A variation of the algorithm to find a multiplicative inverse modulo a power of two (see inv here) also works, which is useful when clmul is fast:

static uint clmulinv(uint d)
{
    uint x = 1;
    for (int i = 0; i < 5; i++)
    {
        x = clmul(x, clmul(x, d));
    }
    return x;
}

The first iteration sets x to d, that can be done immediately to skip an iteration.

Some sample inverses

1  0x00000001
3  0xFFFFFFFF
5  0x55555555
7  0xDB6DB6DB
9  0x49249249
11 0x72E5CB97
13 0xD3A74E9D
15 0x33333333

The definition of clmul at the start of the post was meant to be just that, a faster way to emulate it is this:

static uint clmul(uint a, uint b)
{
    uint r = 0;
    do
    {
        r ^= a * (b & (0 - b));
        b &= b - 1;
        r ^= a * (b & (0 - b));
        b &= b - 1;
        r ^= a * (b & (0 - b));
        b &= b - 1;
        r ^= a * (b & (0 - b));
        b &= b - 1;
    } while (b != 0);
    return r;
}

This works by extracting a bit from b and multiplying by it (which just shifts a left), then resetting that bit. This can be unrolled safely since when b == 0, no further changes are made to r automatically. The 0 - b thing is due to an unfortunate misfeature of C#, negating unsigned integers converts it to a long.

A similar trick works for the inverse:

static uint clmulinv(uint x)
{
    uint inv = 1;
    uint rem = x - 1;
    while (rem != 0)
    {
        uint m = rem & (0 - rem);
        rem ^= x * m;
        inv += m;
    }
    return inv;
}

By the way, why is this post so popular? Please let me know in the comments down below.

Thursday 11 April 2013

Improving bounds when some bits have a known value

This problem is closely related the series of problems discussed in calculating the lower bound of the bitwise OR of two bounded variables (and some of the posts after that one), and the algorithm is very closely related, too. The question in this post is, suppose some bits may be known to be zero and some may be known to be one, is there a better lower/upper bound than the given one, and if so, what is it? That is, calculate \begin{equation} \min _{x \in [a, b] \wedge (x | \sim z) = x \wedge (x \& \sim o) = 0 } x \end{equation} and \begin{equation} \max _{x \in [a, b] \wedge (x | \sim z) = x \wedge (x \& \sim o) = 0 } x \end{equation} where z is a bitmask containing the bits that are allowed to be 0, and o is a bitmask containing the bits that are allowed to be 1.

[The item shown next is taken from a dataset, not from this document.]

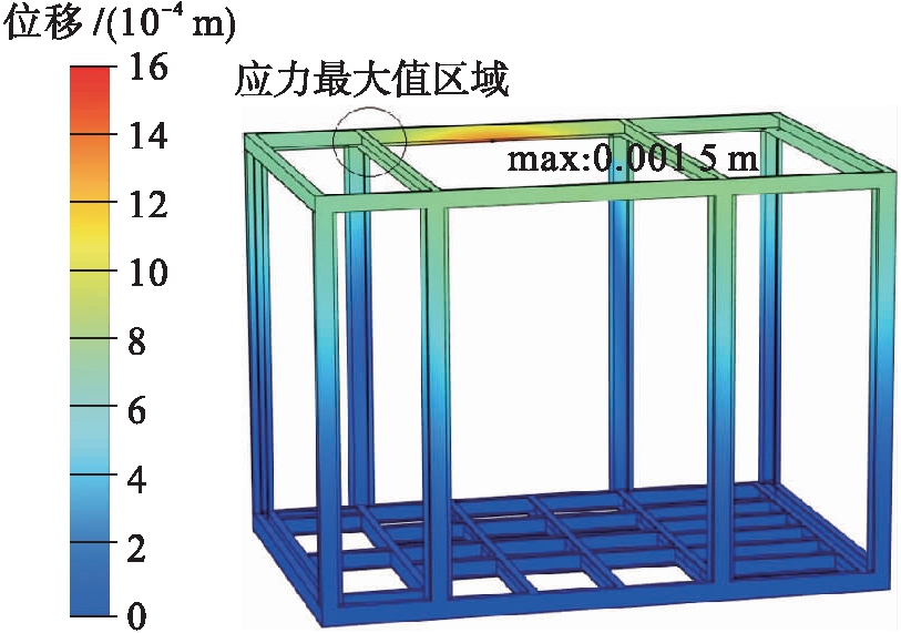 12级风工况下施工电源框架应力分布和位移云图如图5、6所示.由图5、6可以看出,零部件应力最大点发生在框架立柱上部与顶部连接处,大小为38 MPa,小于Q235B钢113 MPa的许用应力.最大变形发生在框架顶部中间部位,为1.5 mm.变形较大原因在于中间变压器体积较大,横梁也较长.因此可以判断,在12级风作用下,施工电源框架结构抗风压性能较好.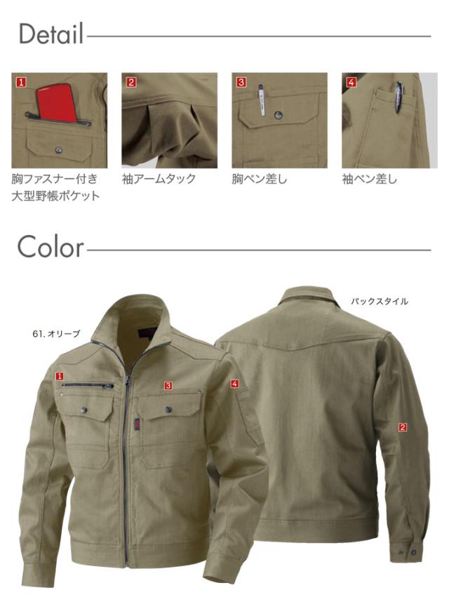 鳳皇 5403 長袖ブルゾン カジュアルスタイル【村上被服】アームタック 大型野帳ポケット ペン差し ストレッチ

The idea behind the algorithms is to do a binary search (the one-sided variant) over the numbers that the masks allow, for the lowest value bigger than or equal to the original lower bound (or smaller than or equal to the original upper bound, for the new upper bound). Just as in the case of propagating bounds through XOR, it may take more than one step, so there aren't many shortcuts. I called them both "reduce" even though ReduceMin actually increases the value, because their purpose is to reduce the range [min, max].

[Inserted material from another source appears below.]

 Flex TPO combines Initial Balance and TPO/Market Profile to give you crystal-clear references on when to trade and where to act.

static uint ReduceMin(uint min, uint z, uint o)
{
    uint mask = z & o;   // note: mask is a subset of r
    uint r = o;
    uint m = 0x80000000 >> nlz(mask);
    while (m != 0)
    {
        // reset the bit if it can be freely chosen
        uint newr = r ^ (m & mask);
        if (newr >= min)
            // keep the change if still within bounds
            r = newr;
        m >>= 1;
    }
    return r;
}

static uint ReduceMax(uint max, uint z, uint o)
{
    uint mask = z & o;
    uint r = ~z;
    uint m = 0x80000000 >> nlz(mask);
    while (m != 0)
    {
        // set the bit if it can be freely chosen
        uint newr = r | (m & mask);
        if (newr <= max)
            // keep the change if still within bounds
            r = newr;
        m >>= 1;
    }
    return r;
}

There is one shortcut (that I know of): using nlz on every iteration, thereby skipping iterations where the current bit isn't even changed. With the implementation of nlz I was working with, that wasn't worth it, so whether it's actually a real shortcut or not is up for debate.

Occasionally the new lower bound can be higher than the new upper bound, that means the set of values was actually empty. If you were working with clockwise intervals, that changes to "if the new bounds aren't ordered the same way as the old ones" - ie if the interval was proper and the new one isn't or vice versa, the set is empty.